[v3] vhost: add header check in dequeue offload

Message ID 20210317063109.135662-1-xiao.w.wang@intel.com (mailing list archive)
State Rejected, archived
Delegated to: Maxime Coquelin
Headers
Series [v3] vhost: add header check in dequeue offload |

Checks

Context Check Description
ci/checkpatch success coding style OK
ci/travis-robot success travis build: passed
ci/github-robot success github build: passed
ci/Intel-compilation success Compilation OK
ci/intel-Testing success Testing PASS
ci/iol-abi-testing success Testing PASS
ci/iol-intel-Performance success Performance Testing PASS
ci/iol-testing success Testing PASS
ci/iol-mellanox-Performance success Performance Testing PASS

Commit Message

Xiao Wang March 17, 2021, 6:31 a.m. UTC
  When parsing the virtio net header and packet header for dequeue offload,
we need to perform sanity check on the packet header to ensure:
  - No out-of-boundary memory access.
  - The packet header and virtio_net header are valid and aligned.
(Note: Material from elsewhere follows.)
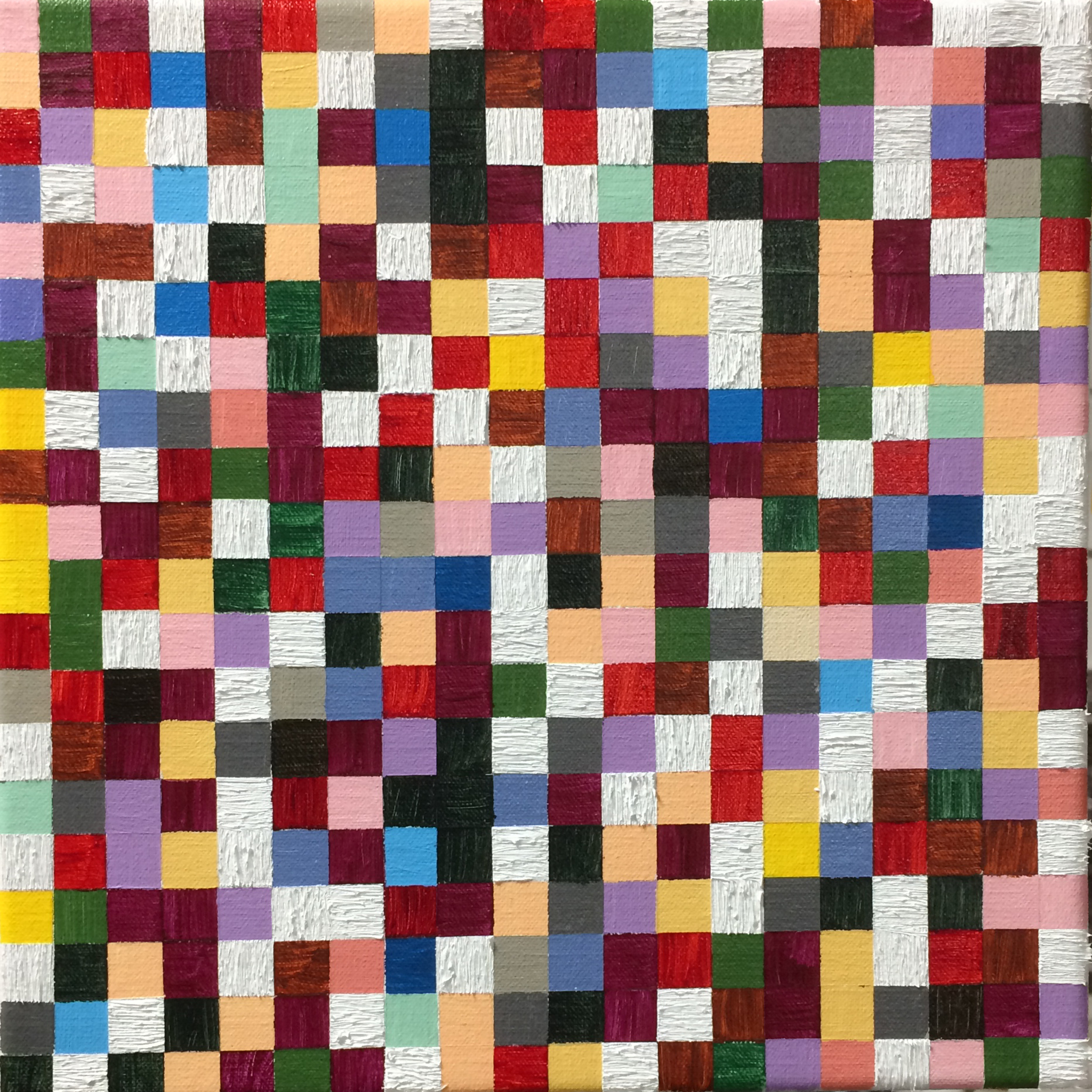 Thema: Chaos (Geometrische Chaos) Mijn kunst is beïnvloedt door de moderne wiskundige en wetenschappelijke benadering van het begrip complexe orde van de natuur. Met name heb ik me verdiept in de Chaos theorie en de fractal geometrie. Ik ben geen wiskundige, en ik gebruik geen wiskundige formules. De ideeën van de Chaos theorie en fractal geometrie leiden tot de ontwikkeling van de composities in mijn werk. Ik gebruik driehoeken,vierkanten en cirkels in mijn schilderijen, maar in mijn huidige serie, geoChao richt ik me alleen op de vierkanten en de verhoudingen tussen de vierkanten. Ik ontwikkel mijn composities door kleine vierkantjes op grote te zetten of grote op kleine te zetten. Het gaat om de onderlinge verhoudingen tussen de vierkanten. Ik laat de methode die ik kies de compositi

Fixes: d0cf91303d73 ("vhost: add Tx offload capabilities")
Cc: stable@dpdk.org

Signed-off-by: Xiao Wang <xiao.w.wang@intel.com>
---
v3:
- Check data_len before calling rte_pktmbuf_mtod. (David)

v2:
- Allow empty L4 payload for cksum offload. (Konstantin)
---
 lib/librte_vhost/virtio_net.c | 49 +++++++++++++++++++++++++++++++++++++------
 1 file changed, 43 insertions(+), 6 deletions(-)
  

Comments

David Marchand April 1, 2021, 12:04 p.m. UTC | #1
On Wed, Mar 17, 2021 at 7:50 AM Xiao Wang <xiao.w.wang@intel.com> wrote:
>
> When parsing the virtio net header and packet header for dequeue offload,
> we need to perform sanity check on the packet header to ensure:
>   - No out-of-boundary memory access.
>   - The packet header and virtio_net header are valid and aligned.
>
> Fixes: d0cf91303d73 ("vhost: add Tx offload capabilities")
> Cc: stable@dpdk.org
>
> Signed-off-by: Xiao Wang <xiao.w.wang@intel.com>

I spent some time digging on this topic.

Afaiu the offload API, vhost is not supposed to populate tx offloads.
I would drop this whole parse_ethernet function and replace
vhost_dequeue_offload with what virtio does on the rx side.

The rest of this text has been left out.